A variety of changes #108

Closed pyprogrammer closed 1 month ago

pyprogrammer commented 6 months ago

Hi Xudong, I've been using May for some of our simulation research, and had a few changes I'd like to make to May that I think would be generically helpful. I'd also be happy to split these out into separate pull requests if it'd make it easier for you, but the overall changes are quite short.

  1. Made timeout a config option
  2. Made core pinning a config option
  3. Added spawn_builder to scopes
  4. Switched to using Crossbeam for work stealing
  5. Rewrote work-stealing scheduler to be cleaner. Also added randomized work-stealing instead of always checking the next few.
Xudong-Huang commented 6 months ago

thanks for the changes! I was using crossbeam for work stealing before, but found it some slow, so I use my own may_queue to do it. Have you ever benchmark the performance changes?

Also add random work stealing would impact the performance, but I didn't have the numbers.

Other changes looks good to me.

pyprogrammer commented 6 months ago

I'll revisit the perf impact between Crossbeam and may_queue -- I remember seeing small performance improvements but I'll rerun them and gather the info.

Re: Randomized work-stealing: the existing system only scans the next few queues before exiting the loop (which blocks at the next epoll). This can cause many workers to go to sleep if at any point in the program only a few coroutines are unblocked. The adjacent workers can steal, which in turn allows the worker before that to steal, etc. This in turn would cause a steal-chain to form. Randomized work stealing pays a small overhead for the RNG, but can better avoid such pathological conditions.

This could also be a candidate for potentially turning into a configuration or a feature flag; long-lived coroutines which frequently wait will likely prefer randomized work-stealing, while short-lived coroutines may prefer the lower overhead of the current system. I implemented randomized work-stealing because my applications were running into the pathological conditions mentioned above, and Go seems to have had success with a randomized work-stealer.

Xudong-Huang commented 6 months ago

I like the feature gate to do random work stealing. Also, let's keep using the may_queue. If you really need crossbeam for work stealing, I also like a feature gate for that.

pyprogrammer commented 5 months ago

Hi Xudong, just checking in to let you know that I'm still working on this. I've been swamped by camera-ready and artifact evaluation for the tool we built on top of May.

pyprogrammer commented 5 months ago

Sorry for the delay.

I've implemented the crossbeam-queue and randomized work-stealing as two separate features, and run the four feature flag combinations on my local machine. Based on these results, it appears that rand-steal vs. plain work-steal is generally a wash, while crossbeam-queue is worse than the current implementation.

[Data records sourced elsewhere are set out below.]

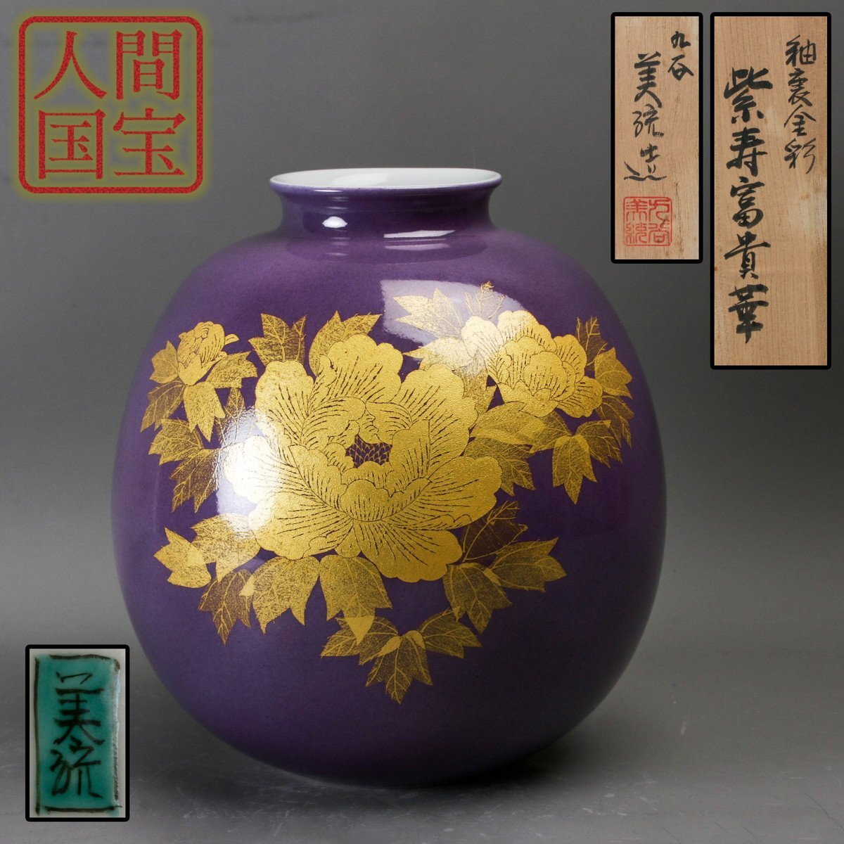 【SAG】人間国宝 三代 吉田美統 釉裏金彩 紫寿富貴華 花器 共箱 共布 栞 本物保証
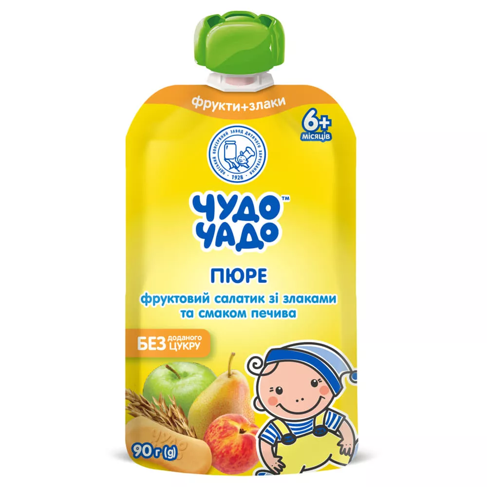 Пюре Чудо-чадо фруктовый салатик с печеньем и злаками без сахара с 6-ти мес. 90 г (пауч)
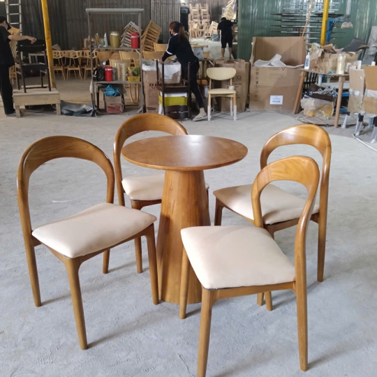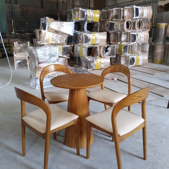 BỘ BÀN CAFE TRỤ ỐP D60 + 4 GHẾ NEVA GỖ ASH
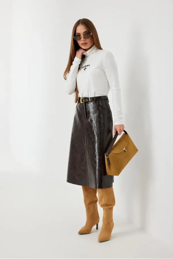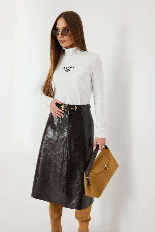 Джемпер женский прилегающего силуэта из мягкого трикотажа, с интересной печатью на переде. Воротник стойка, рукав втачной одношовный узкий.
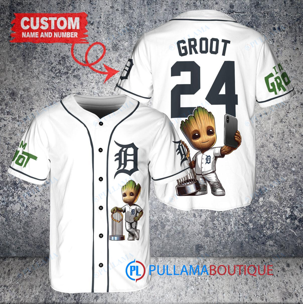 Show off your love for the Detroit Tigers and Marvel’s Guardians of the Galaxy with this custom baseball jersey featuring Baby Groot holding a trophy. This white jersey is perfect for any fan looking to stand out in the crowd. Made with high-quality materials, this jersey is both stylish and comfortable, making it a great addition to any sports fan’s wardrobe. Whether you’re heading to the game or just hanging out with friends, this jersey is sure to turn heads. Get yours today and show your support for your favorite team and superhero!

Regarding crossbeam-queue, would you prefer merging it in gated behind the feature flag, or would you prefer removing it altogether?

crossbeam.txt crossbeam_and_rand.txt rand_steal.txt current.txt

pyprogrammer commented 1 month ago

@Xudong-Huang Hi Xudong, have you had time to take a look recently?

pyprogrammer commented 1 month ago

@Xudong-Huang Hi Xudong, checking in. Do you have time to take a look at the PR?

Xudong-Huang commented 1 month ago

thanks for this change